- [TO DO]:
Each line below from the "Onthulling schaatskunstwerk IJsvereniging" line through the "4月20日下午,2021年度" line, those two included, must be restated word for word; the pictures must not be.

- [INPUT FOR THIS TASK]:
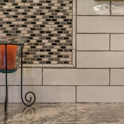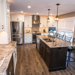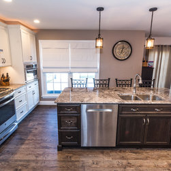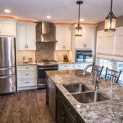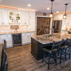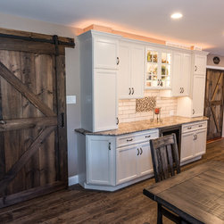 Materials for the project include Bertch's Northbrook flat panel cabinets, with the main cabinets being birch with a Snowflake paint, and the island being birch with a Sable paint. Stunning Magnific granite makes up all of the countertops, with a large double bowl stainless steel sink. Cortec LVT flooring extends from the kitchen all the way through the adjacent family room. Finishing touches include stainless steel appliances, accent tile for a mural as well as the range back splash as well as two custom sliding barn doors.
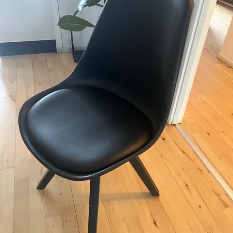 4 brugte spisebordsstole kan afhentes på søndag kl 11 i Humlebæk på 1. sal
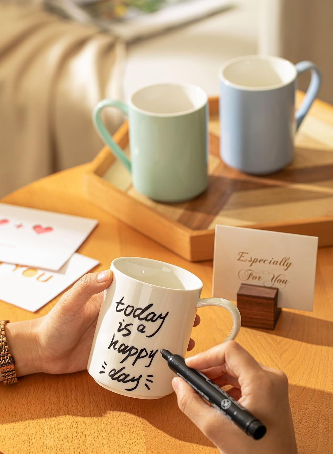 - MULTI PURPOSES: The size is great for a cup of coffee/tea/milk/chocolate with something added. Also can handle everything from a large cup of Keurig coffee to oatmeal, protein shakes, and soup. You can paint with permanent paints on them so you can get your own mug.
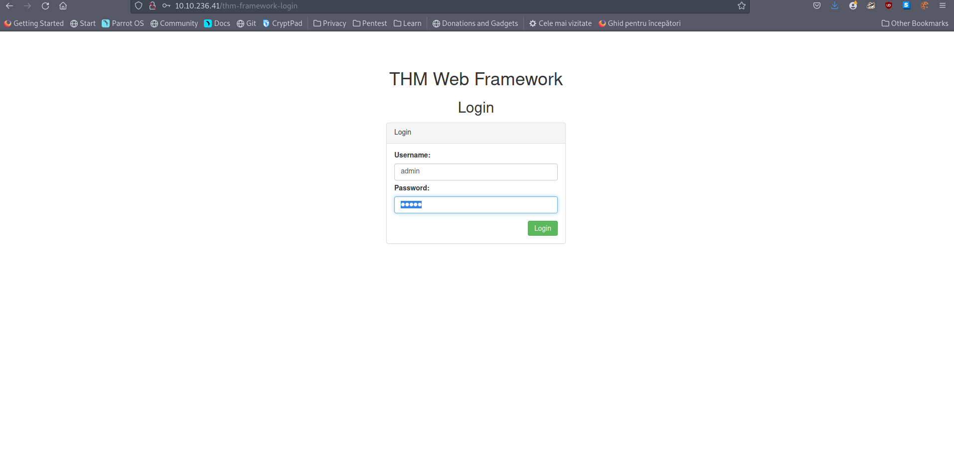- Navigate to the framwork login page we get the following clues:
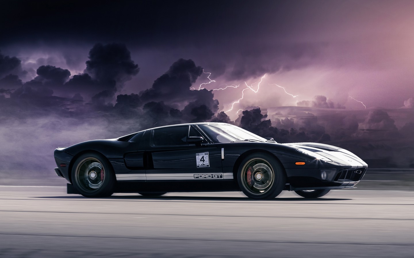 Ford GT Black Clouds Lightning Wallpaper - 1440x900
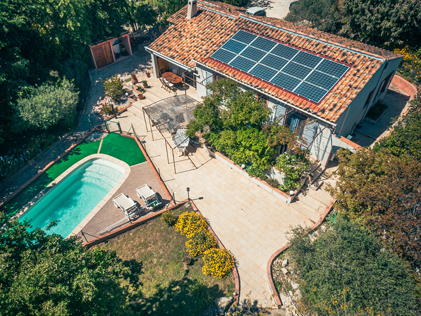 Climatisation réversible, panneaux photovoltaïque avec revenu d’environ 1800 euros/an, terrasse, piscine 7×3, , appentis, chalet 14 m² sur dalle béton, pergolas.
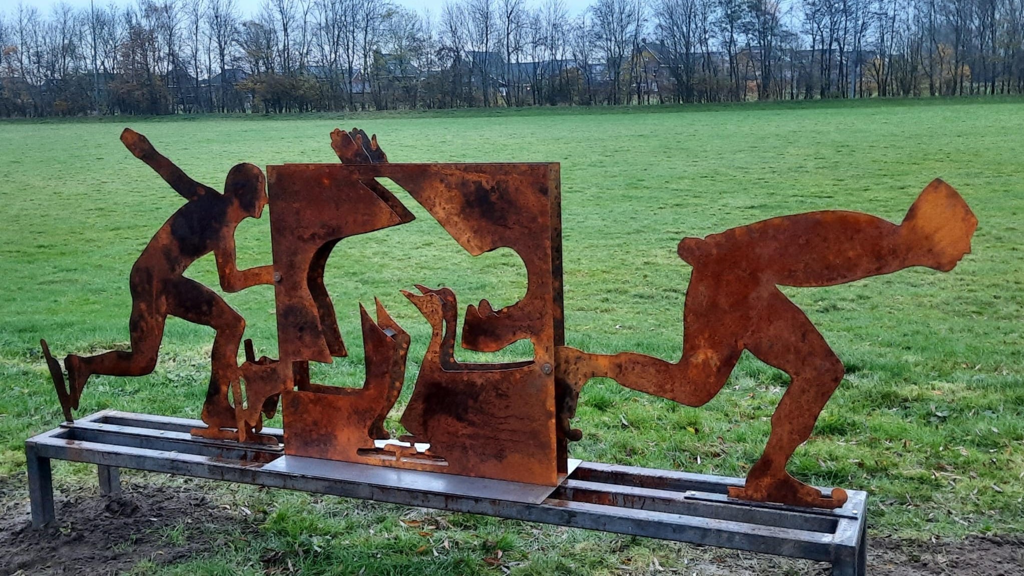 Onthulling schaatskunstwerk IJsvereniging Bedum 10 december 2021 Whatsapp Share Share BEDUM – Donderdag 9 december is op de ijsbaan in Bedum een schaatskunstwerk onthult. Het kunstwerk is ter ere van het 150-jarige jubileum van de ijsvereniging en staat voor de geschiedenis van de schaatssport . Kunstenaar Gerrit van Emous uit Putten maakte het kunstwerk van Cortenstaal. De onthulling is gedaan door ijsmeester Tonnie van der Werf en Sam Lijfering. Sam is de achterkleinzoon van Hilko Lijfering (sr.), die in het verleden lange tijd in het bestuur van de ijsbaan heeft gezeten. Ondanks Corona heeft de vereniging er een klein feestje van weten te maken (uiteraard binnen de huidige regels omtrent Corona). Naast de onthulling van het kunstwerk werd ook gelijk het water op de baan gelaten. Binnen een aantal dagen zal de baan geheel onder water staan en is het wachten op voldoende vorst, zodat leden het kunstwerk van dichtbij kunnen bewonderen. Nieuws
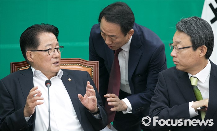 (서울=포커스뉴스) 20대 국회 임기가 시작된 30일 오전 서울 여의도 국회에서 열린 국민의당 최고위원회의에 참석한 박지원(왼쪽부터) 원내대표, 김명진 원내대표비서실장, 김성식 정책위의장이 대화하고 있다.
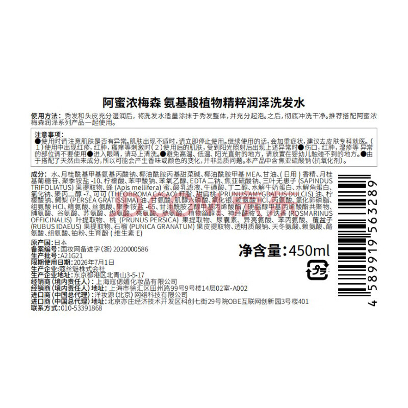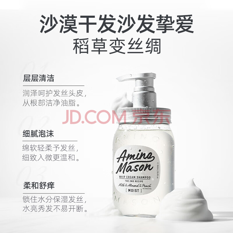 商品相册:Amino mason 阿蜜浓梅森滋养润泽氨基酸洗发水450ml 柔顺飘逸无硅油洗头膏第
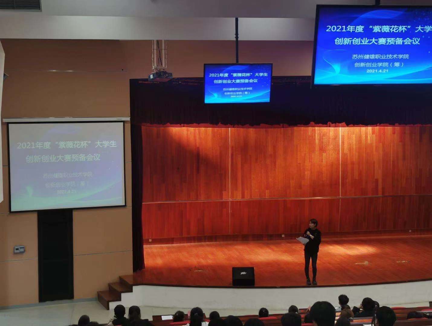 4月20日下午,2021年度“紫薇花杯”大学生创新创业竞赛预备会议暨校外导师专题培训在健雄二期报告厅举行。就近期学校双创大赛的准备工作进行安排,本次会议由大赛筹备工作组吴成炎主持,全体申报项目的成员参加了会议。
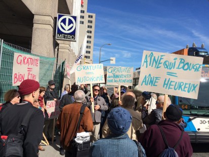 Plusieurs personnes âgées se sont rassemblées lundi devant la station de métro Crémazie pour demander la gratuité du transport en commun pour les aînés à Montréal.
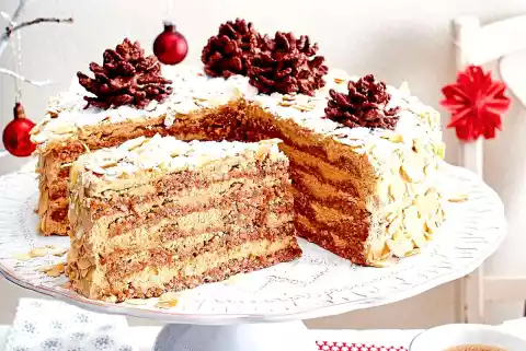 Spread 1 base with 1⁄6 cream. Place the 2nd floor on top and also spread it. Repeat until all floors are on top of each other. Spread the rest of the cream all around the cake and decorate with flaked almonds, leave to cool for about 2 hours. Dust with icing sugar and decorate with nougat chocolate suppositories.
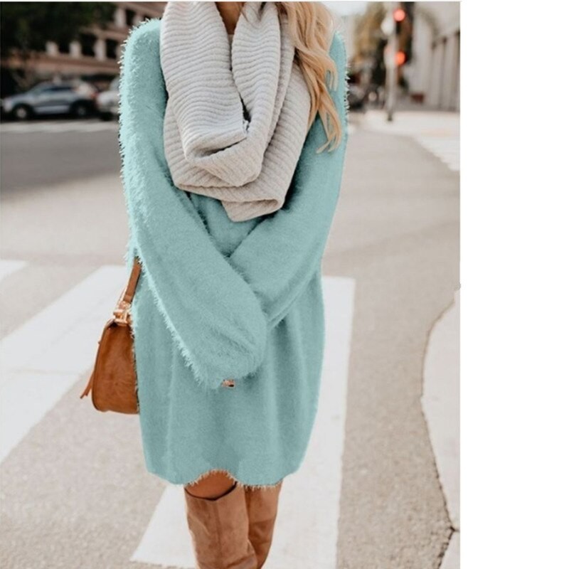 Lång lurvig tröja för kvinnor
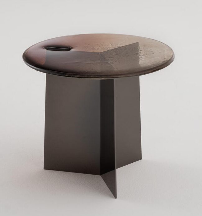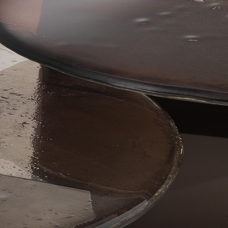 Столешница из обожженного стекла в два слоя с неровными краями, окрашена от бронзового до прозрачного, с частичным посеребрением с обратной стороны.

- [REPLY TO THE TASK]:
 Onthulling schaatskunstwerk IJsvereniging Bedum 10 december 2021 Whatsapp Share Share BEDUM – Donderdag 9 december is op de ijsbaan in Bedum een schaatskunstwerk onthult. Het kunstwerk is ter ere van het 150-jarige jubileum van de ijsvereniging en staat voor de geschiedenis van de schaatssport . Kunstenaar Gerrit van Emous uit Putten maakte het kunstwerk van Cortenstaal. De onthulling is gedaan door ijsmeester Tonnie van der Werf en Sam Lijfering. Sam is de achterkleinzoon van Hilko Lijfering (sr.), die in het verleden lange tijd in het bestuur van de ijsbaan heeft gezeten. Ondanks Corona heeft de vereniging er een klein feestje van weten te maken (uiteraard binnen de huidige regels omtrent Corona). Naast de onthulling van het kunstwerk werd ook gelijk het water op de baan gelaten. Binnen een aantal dagen zal de baan geheel onder water staan en is het wachten op voldoende vorst, zodat leden het kunstwerk van dichtbij kunnen bewonderen. Nieuws
 (서울=포커스뉴스) 20대 국회 임기가 시작된 30일 오전 서울 여의도 국회에서 열린 국민의당 최고위원회의에 참석한 박지원(왼쪽부터) 원내대표, 김명진 원내대표비서실장, 김성식 정책위의장이 대화하고 있다.
 商品相册:Amino mason 阿蜜浓梅森滋养润泽氨基酸洗发水450ml 柔顺飘逸无硅油洗头膏第
 4月20日下午,2021年度“紫薇花杯”大学生创新创业竞赛预备会议暨校外导师专题培训在健雄二期报告厅举行。就近期学校双创大赛的准备工作进行安排,本次会议由大赛筹备工作组吴成炎主持,全体申报项目的成员参加了会议。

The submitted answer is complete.